[Data excerpt]

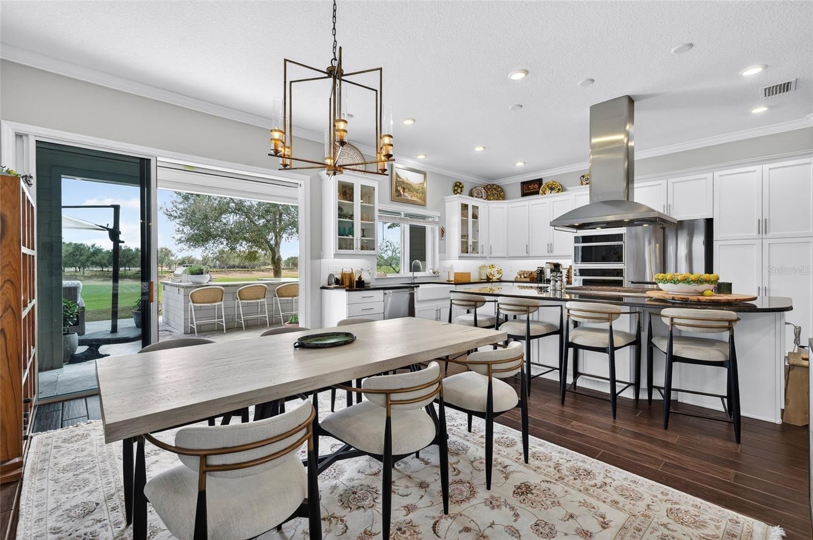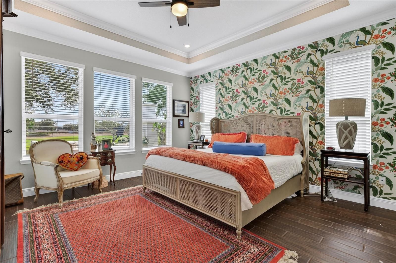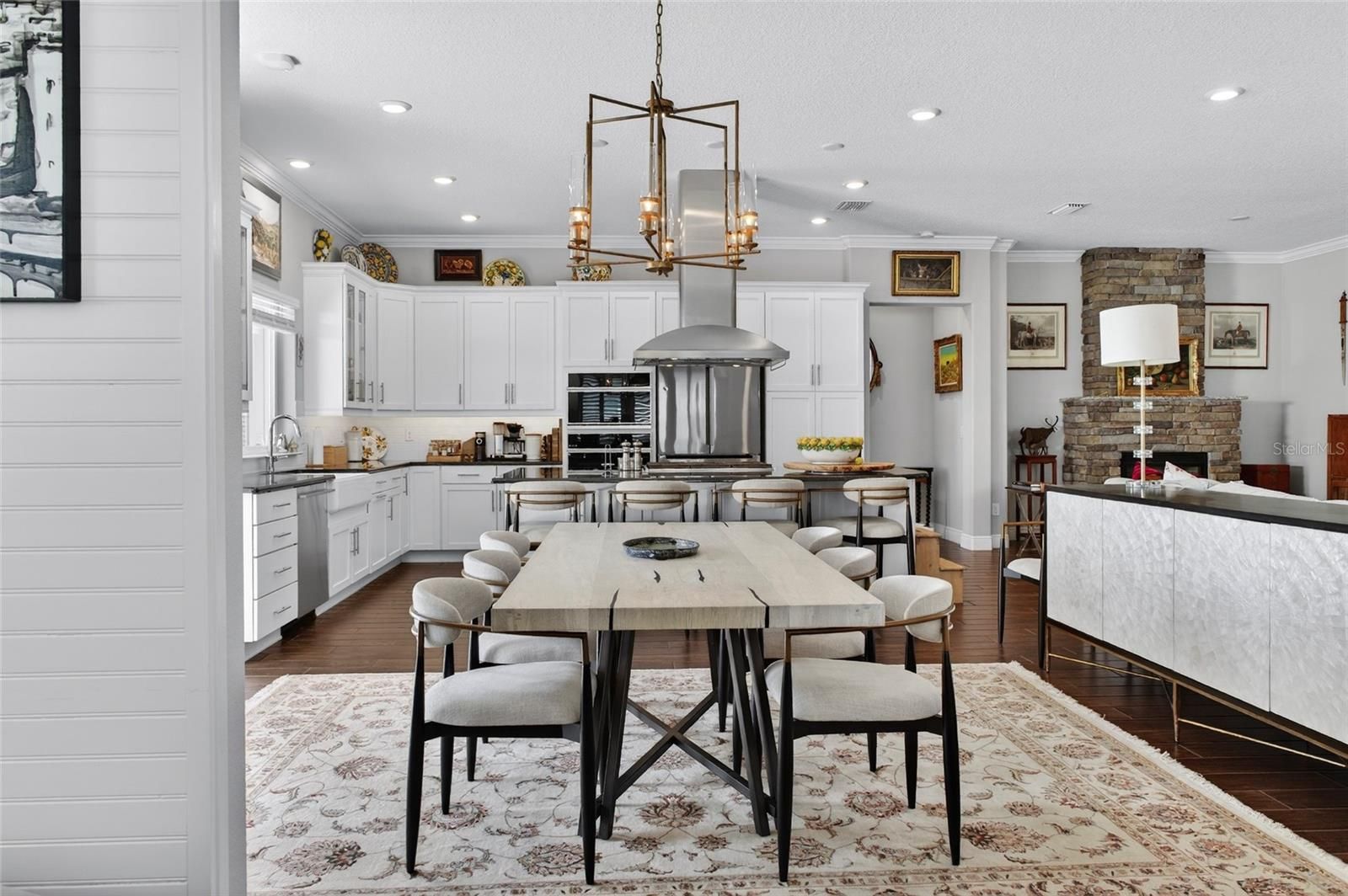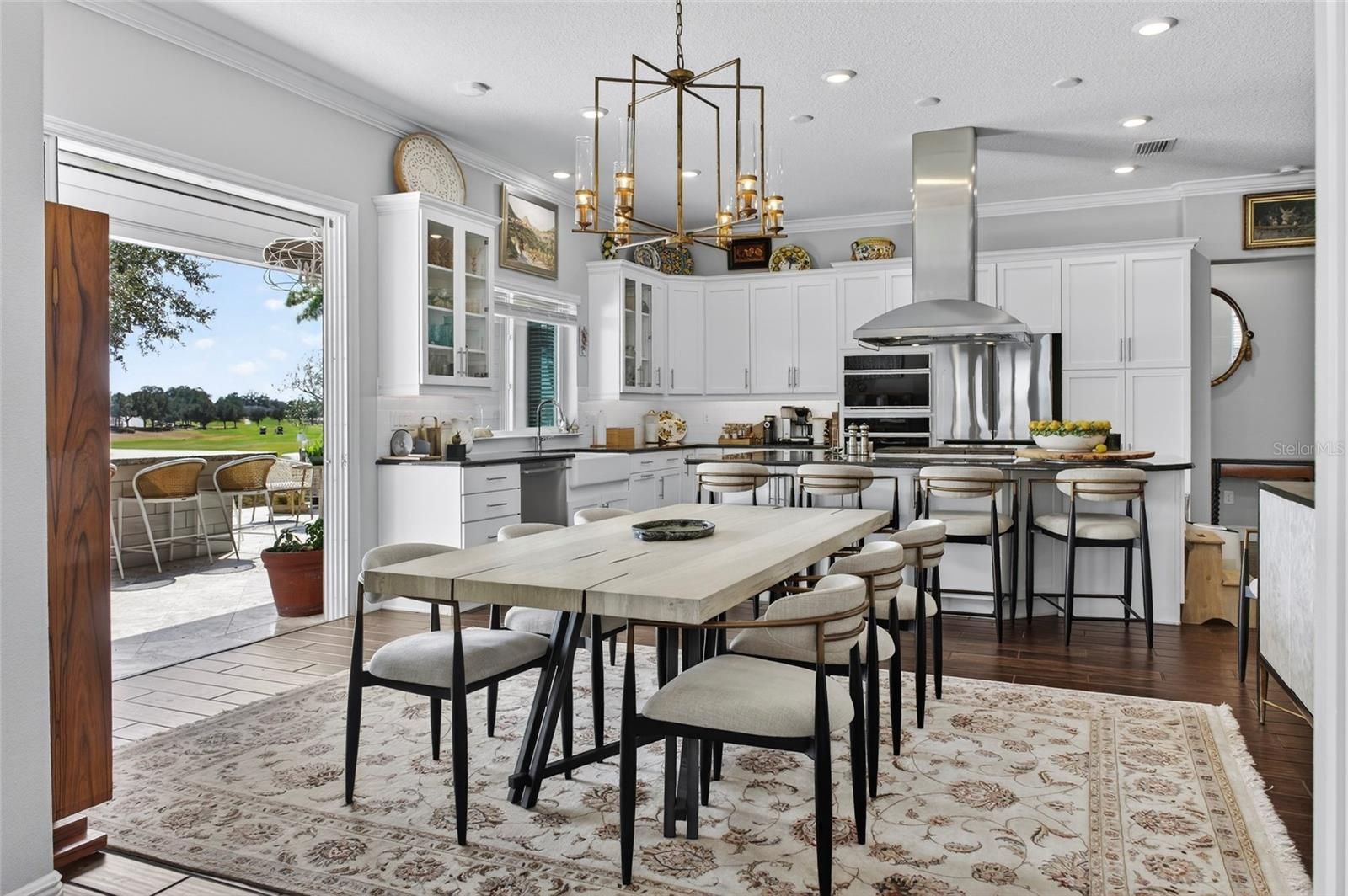 Welcome to this gorgeous golf course home ideally positioned on the 14th hole, offering beautiful views and a relaxed Florida lifestyle. This thoughtfully designed residence features 3 bedrooms, 2½ baths, plus a versatile flex room perfect for an office, hobby space, or additional guest area. Elegant tray ceilings, crown molding, and ceramic tile throughout most of the home create a refined yet comfortable atmosphere, with carpet in two bedrooms for added warmth. The chef's kitchen is a standout, showcasing high-end Bosch and GE appliances, a six-burner stove, farmhouse sink, and upscale finishes that make both everyday living and entertaining a pleasure. A remote controlled gas fireplace in the seating area by the kitchen adds warmth and charm. Stackable sliders open to the lanai, complete with remote-controlled electric privacy screens, while 3M sun tint on the rear and side windows enhances comfort and efficiency. Plantation shutters accent the sunroom, and all closets feature California Custom Closet systems for exceptional organization. Outdoor living is equally impressive with custom travertine tile hardscape on the lanai, a fully equipped outdoor kitchen with a high-end wine cooler, concrete counters, seating for six, and a remote-controlled gas fireplace - perfect for entertaining or unwinding after a day on the course. Additional features include an extended driveway and whole-home water softener. In addition to the golf course, residents enjoy other outstanding community amenities including tennis and pickleball courts, bocce ball, fitness center, Avid Fit Pod, spa, on-site restaurant, Veterans Park, and numerous member-run clubs. Sit back, relax, and enjoy the lifestyle you've been waiting for.
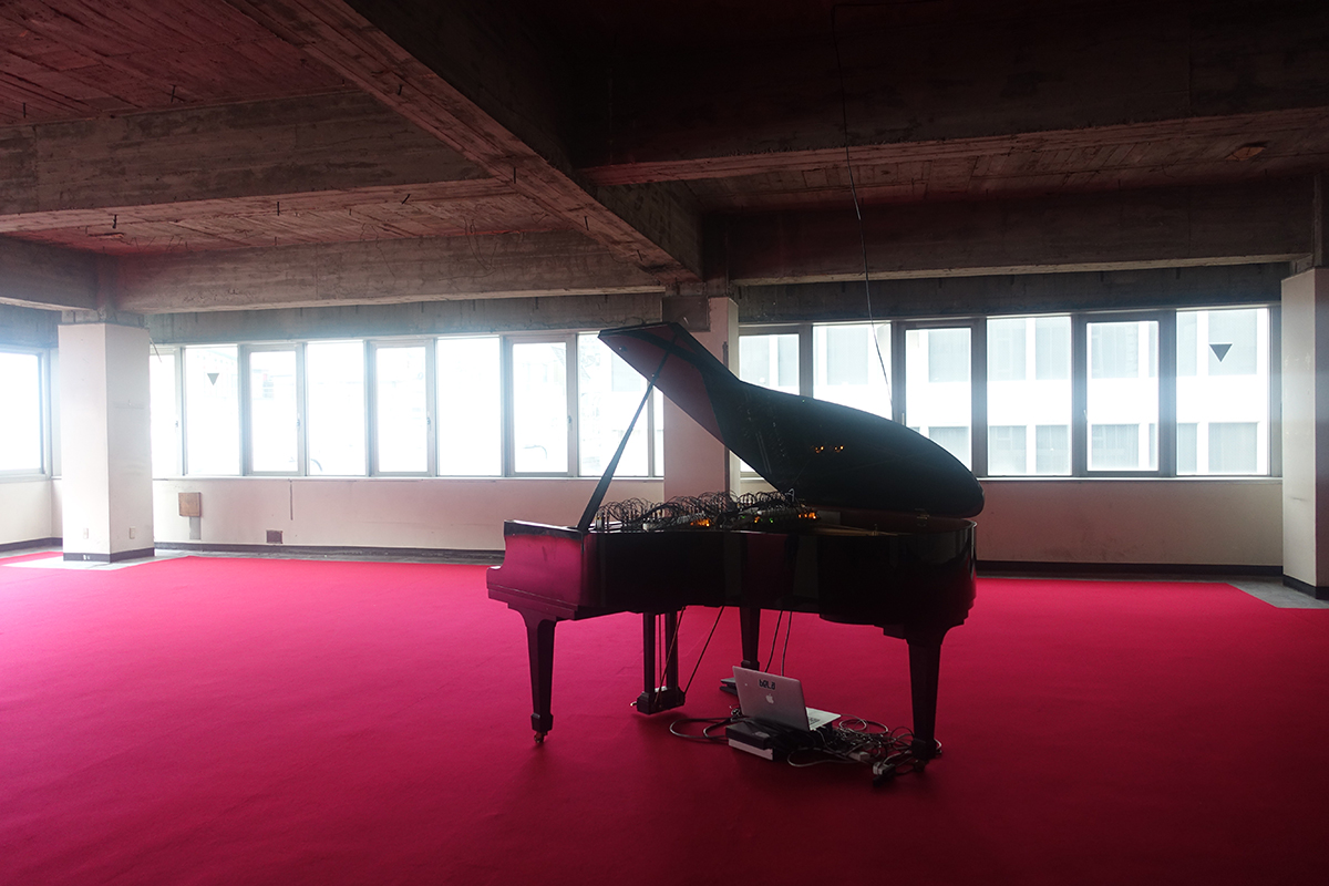 どこからともなく聞こえる音に誘われるがまま上階へと進むと、現代エレクトロニック・ミュージック界の先駆者の一人・アルカの作品『トランスフィクション』だと気づく。AIによってアルカの鍵盤タッチを学習したマグネティック・レゾネーター・ピアノが、オリジナル楽曲を延々と自動演奏を続け、幽玄な空間を演出している。
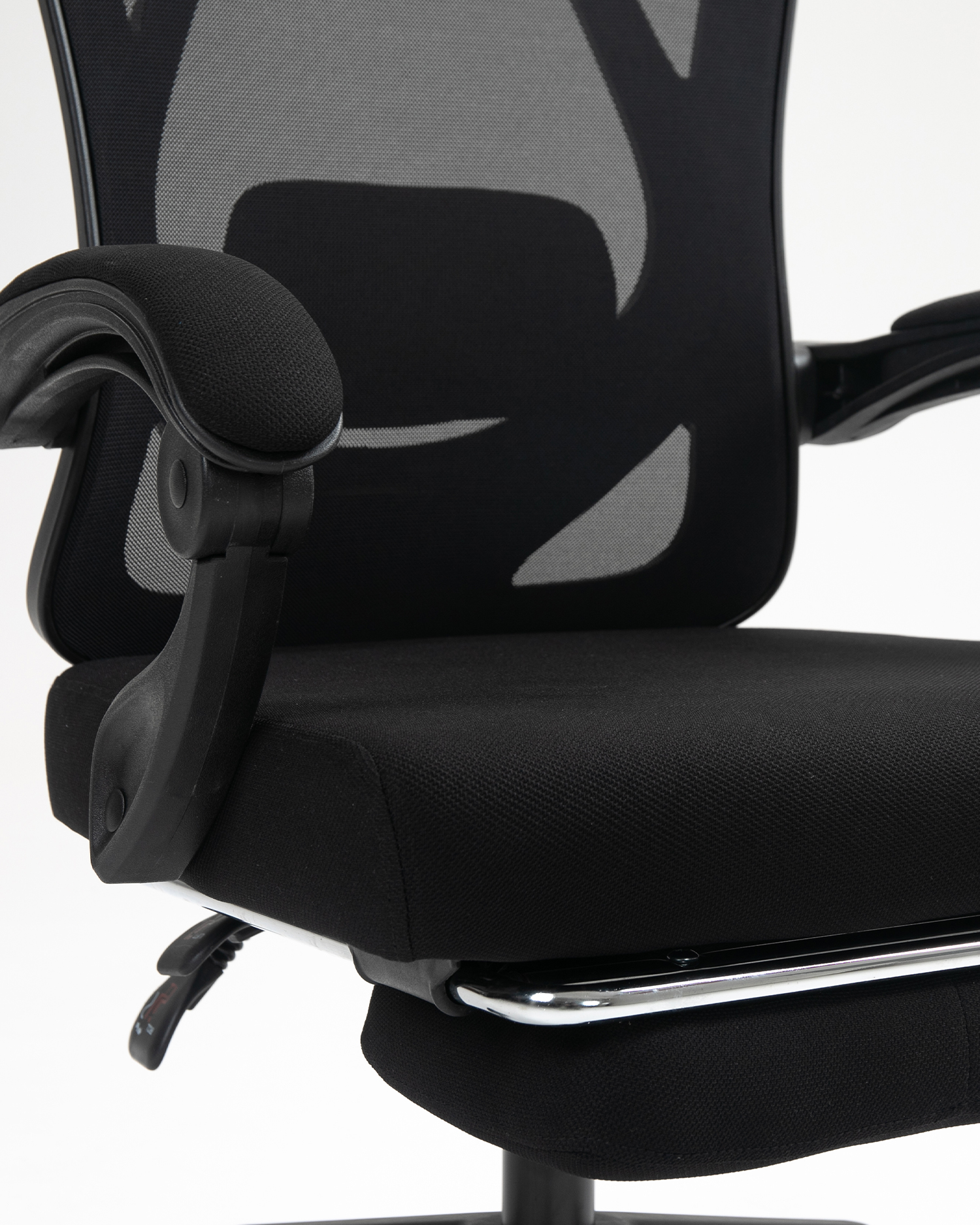 フットレストを備えたオフィスチェアをリクライニングします
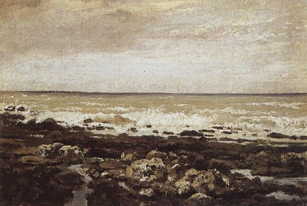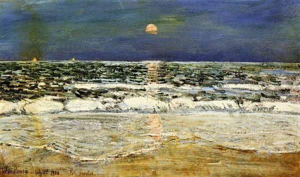 James Abbott McNeill Whistler created "Crepuscule in Opal Trouville" using oil paint on canvas, employing a technique that emphasizes thin layers of pigment. Whistler's approach to painting was influenced by the aesthetics of Japonism, with a focus on tonal harmony and subtle gradations of color. Here, the materiality of the paint itself is key. He thinned the oil paint to create a fluid consistency, allowing it to be brushed onto the canvas in translucent layers. This imbues the artwork with a sense of atmospheric depth. The subtle textures and variations in the paint surface contribute to the overall effect. Whistler's embrace of industrial pigments allowed for a broader range of colors and effects. These pigments, produced through mechanized processes, democratized access to artistic materials, yet also distanced the artist from traditional modes of craftsmanship. This painting reflects a shift in artistic practice toward a greater emphasis on individual expression, rather than adherence to established artistic norms. Ultimately, "Crepuscule in Opal Trouville" challenges the traditional boundaries of fine art by embracing both industrial materials and an emphasis on the artist's subjective experience.

[/Data excerpt]

» Problem requirements
All of the material goes into the answer exactly as it stands, except for the pictures.

» Response area
 Welcome to this gorgeous golf course home ideally positioned on the 14th hole, offering beautiful views and a relaxed Florida lifestyle. This thoughtfully designed residence features 3 bedrooms, 2½ baths, plus a versatile flex room perfect for an office, hobby space, or additional guest area. Elegant tray ceilings, crown molding, and ceramic tile throughout most of the home create a refined yet comfortable atmosphere, with carpet in two bedrooms for added warmth. The chef's kitchen is a standout, showcasing high-end Bosch and GE appliances, a six-burner stove, farmhouse sink, and upscale finishes that make both everyday living and entertaining a pleasure. A remote controlled gas fireplace in the seating area by the kitchen adds warmth and charm. Stackable sliders open to the lanai, complete with remote-controlled electric privacy screens, while 3M sun tint on the rear and side windows enhances comfort and efficiency. Plantation shutters accent the sunroom, and all closets feature California Custom Closet systems for exceptional organization. Outdoor living is equally impressive with custom travertine tile hardscape on the lanai, a fully equipped outdoor kitchen with a high-end wine cooler, concrete counters, seating for six, and a remote-controlled gas fireplace - perfect for entertaining or unwinding after a day on the course. Additional features include an extended driveway and whole-home water softener. In addition to the golf course, residents enjoy other outstanding community amenities including tennis and pickleball courts, bocce ball, fitness center, Avid Fit Pod, spa, on-site restaurant, Veterans Park, and numerous member-run clubs. Sit back, relax, and enjoy the lifestyle you've been waiting for.
 どこからともなく聞こえる音に誘われるがまま上階へと進むと、現代エレクトロニック・ミュージック界の先駆者の一人・アルカの作品『トランスフィクション』だと気づく。AIによってアルカの鍵盤タッチを学習したマグネティック・レゾネーター・ピアノが、オリジナル楽曲を延々と自動演奏を続け、幽玄な空間を演出している。
 フットレストを備えたオフィスチェアをリクライニングします
 James Abbott McNeill Whistler created "Crepuscule in Opal Trouville" using oil paint on canvas, employing a technique that emphasizes thin layers of pigment. Whistler's approach to painting was influenced by the aesthetics of Japonism, with a focus on tonal harmony and subtle gradations of color. Here, the materiality of the paint itself is key. He thinned the oil paint to create a fluid consistency, allowing it to be brushed onto the canvas in translucent layers. This imbues the artwork with a sense of atmospheric depth. The subtle textures and variations in the paint surface contribute to the overall effect. Whistler's embrace of industrial pigments allowed for a broader range of colors and effects. These pigments, produced through mechanized processes, democratized access to artistic materials, yet also distanced the artist from traditional modes of craftsmanship. This painting reflects a shift in artistic practice toward a greater emphasis on individual expression, rather than adherence to established artistic norms. Ultimately, "Crepuscule in Opal Trouville" challenges the traditional boundaries of fine art by embracing both industrial materials and an emphasis on the artist's subjective experience.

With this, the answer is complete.